Some NATO countries, most recently France, have sought to end their combat commitments early. The Taliban and its allies have warned that they are waiting to fill the void in Afghanistan after NATO leaves. And with alliance forces — the bulk of which are American — still committed to many more months of fighting, the sacrifices are far from over.
Obama is eager to show election-year leadership on the world stage, and he sought to straddle the line on the war before NATO's formal embrace Monday of a plan to put Afghan forces in control of security next summer and have NATO back them up.
Following a meeting Sunday with Afghan President Hamid Karzai, Obama said NATO's drawdown plans mean that by 2014, "the Afghan war as we understand it is over."
But he acknowledged enormous progress must be made for that vision to become a reality.
"We still have a lot of work to do, and there will be great challenges ahead," Obama said after his lengthy talks with Karzai. "The loss of life continues in Afghanistan."
Obama's words were echoed by other top U.S. officials, who sternly warned that American forces and their allies should still expect to be engaged in battle even after Afghans take the lead.
"After this milestone in 2013 there still will be combat capability, combat authority and an expectation there will be combat," said retired Lt.

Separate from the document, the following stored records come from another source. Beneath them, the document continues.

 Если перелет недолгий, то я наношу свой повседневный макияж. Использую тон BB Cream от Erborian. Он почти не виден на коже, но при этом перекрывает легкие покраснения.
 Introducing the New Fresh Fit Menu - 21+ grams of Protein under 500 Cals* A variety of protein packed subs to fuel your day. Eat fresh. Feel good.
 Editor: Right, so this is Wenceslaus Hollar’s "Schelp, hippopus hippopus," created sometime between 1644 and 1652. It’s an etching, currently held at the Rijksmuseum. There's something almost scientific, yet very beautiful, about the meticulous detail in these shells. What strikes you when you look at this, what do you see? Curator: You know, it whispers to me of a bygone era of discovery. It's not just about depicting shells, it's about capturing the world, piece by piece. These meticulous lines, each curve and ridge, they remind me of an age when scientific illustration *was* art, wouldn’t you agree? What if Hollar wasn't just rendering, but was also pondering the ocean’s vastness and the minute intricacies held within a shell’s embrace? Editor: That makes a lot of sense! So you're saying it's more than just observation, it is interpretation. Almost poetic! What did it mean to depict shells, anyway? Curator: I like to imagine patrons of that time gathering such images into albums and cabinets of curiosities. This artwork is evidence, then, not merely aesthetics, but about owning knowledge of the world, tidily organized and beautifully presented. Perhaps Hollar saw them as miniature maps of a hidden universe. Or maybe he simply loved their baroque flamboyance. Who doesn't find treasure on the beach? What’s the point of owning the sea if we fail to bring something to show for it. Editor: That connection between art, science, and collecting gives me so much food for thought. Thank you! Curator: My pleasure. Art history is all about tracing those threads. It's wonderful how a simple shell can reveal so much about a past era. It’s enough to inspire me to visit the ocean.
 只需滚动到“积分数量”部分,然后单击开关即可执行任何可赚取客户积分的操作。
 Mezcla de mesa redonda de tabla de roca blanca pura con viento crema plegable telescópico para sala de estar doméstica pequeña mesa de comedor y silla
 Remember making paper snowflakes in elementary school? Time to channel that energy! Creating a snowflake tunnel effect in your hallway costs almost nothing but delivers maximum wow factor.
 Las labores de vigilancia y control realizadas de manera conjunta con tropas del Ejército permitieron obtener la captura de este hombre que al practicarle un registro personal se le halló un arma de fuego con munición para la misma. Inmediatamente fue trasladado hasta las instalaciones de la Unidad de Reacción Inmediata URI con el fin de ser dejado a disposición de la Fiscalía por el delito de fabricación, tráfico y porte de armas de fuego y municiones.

Gen. Douglas Lute, the top White House national security council official in charge of the war.
Still, NATO leaders have billed the transition to Afghan forces taking the lead as an important benchmark in their plans to wind down the war by the end of 2014. Many of the leaders, Obama chief among them, have a political incentive for trumpeting that drawdown plan, given the growing public frustration with the nearly 11-year-old war.
Sixty six percent of Americans oppose the war, while only 27 percent support the effort, according to an AP-GfK poll released earlier this month.
In France, voters elected President Francois Hollande in part because of a campaign pledge to pull his country's 3,300 troops out of Afghanistan ahead of schedule. Since taking office, Hollande has said he plans to make good on his promise to bring combat troops home by the end of this year, but will maintain French support for Afghanistan in other ways.
The U.S. and NATO will also maintain a sizeable and lengthy commitment to Afghanistan after combat troops come home at the end of 2014.
Sen. Jack Reed, D-R.I., a member of the Armed Services Committee who visits Afghanistan often, said that by 2014 Afghan forces, with the backing of international trainers and logistical support, "will be able to provide stability."